Laboratory indicators. Decrease in level of calcium and phosphates in blood serum (usually easy, asymptomatic and tranzitorny) for 18% and 10%, respectively.
Interaction with other medicines:
Absorption of alendronovy acid can be broken if drug is accepted along with calcium drugs, antacids and other peroral drugs. In this regard the interval between reception of an alendronat and other medicines accepted inside has to make not less than 30 minutes.
When sharing alendronovy acid with gormonozamestitelny therapy (estrogen ± progestin) safety and portability of a combination therapy correspond to that at use of each of these drugs separately.
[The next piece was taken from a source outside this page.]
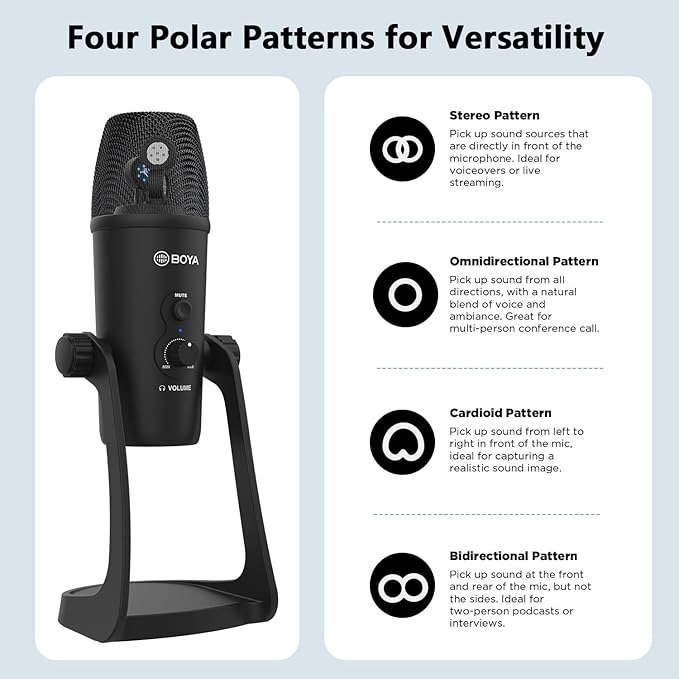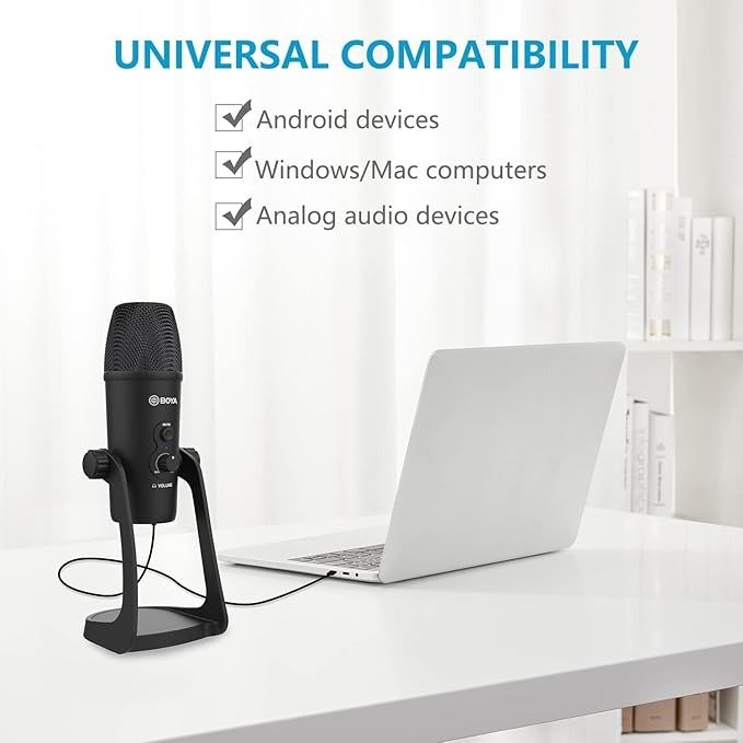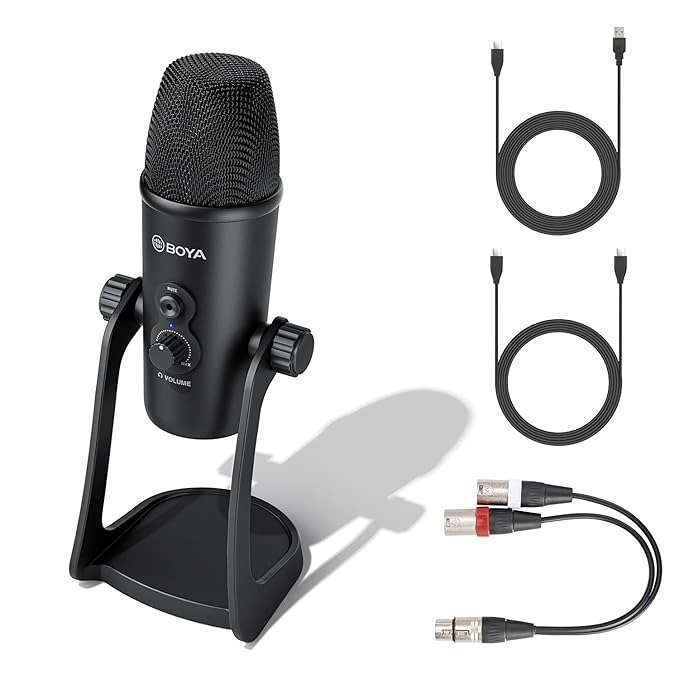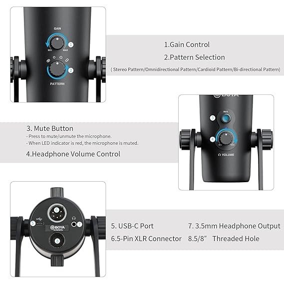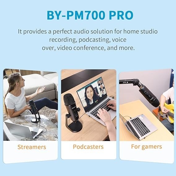 The BOYA BY-PM700 Pro is a desktop microphone with USB digital output and XLR analog output, compatible with Android devices, Windows/Mac computers, and analog audio devices. It provides a perfect audio solution for home studio recording, podcasting, voice over, video conference, and more. XLR & USB Two Output Selections The BY-PM700 Pro offers both XLR and USB-C interfaces, allowing it to be connected with all USB-C devices and analog audio devices. The USB output jack is powered by DC 5V while the XLR output jack is powered by phantom power 12-48V.

In clinical trials of alendronovy acid at men, women in a postmenopause and the patients accepting glucocorticosteroids clinically significant medicinal interactions influencing linkng with proteins, renal excretion and metabolism were not revealed. Frequency of the undesirable phenomena from an upper part of digestive tract increases at a combination of alendronovy acid in a dose more than 10 mg a day with the drugs containing acetylsalicylic acid. However this effect was not observed at reception of alendronovy acid in a dose of 70 mg once a week.
Contraindications:
- the gullet diseases which are slowing down its emptying, for example, strictures or an achalasia;
- inability to sit or stand directly within 30 minutes;
- hypersensitivity to any component of drug;
- hypocalcemia.
With care:
- at an exacerbation of diseases of upper parts of digestive tract, such as dysphagy, gullet diseases, gastritis, duodenitis or stomach ulcer;
- patients are not recommended to appoint alendronovy acid with an impaired renal function at KK <35 ml/min.;
- at predisposition to a hypocalcemia (a hypoparathyroidism, deficit of vitamin D, calcium malabsorption).
Overdose:
Symptoms: a hypocalcemia, a hypophosphatemia, the undesirable phenomena from an upper part of digestive tract, including a gastric disturbance, heartburn, an esophagitis, gastritis, stomach ulcer and a gullet.
Treatment: specific information is absent. The patient should accept milk or antacids for binding of an alendronat. For prevention of irritation of a gullet it is not necessary to cause vomiting. Patients have to keep vertical position.
Storage conditions:
In the place protected from moisture and light at a temperature not above 25 °C. To store in the place, unavailable to children. Period of validity 2 years. Not to use after the period of validity specified on packaging.
Issue conditions:
According to the recipe
Packaging:
On 4 tablets in a blister strip packaging from a film of polyvinyl chloride and aluminum foil. One planimetric packaging together with the application instruction is placed in a pack from a cardboard.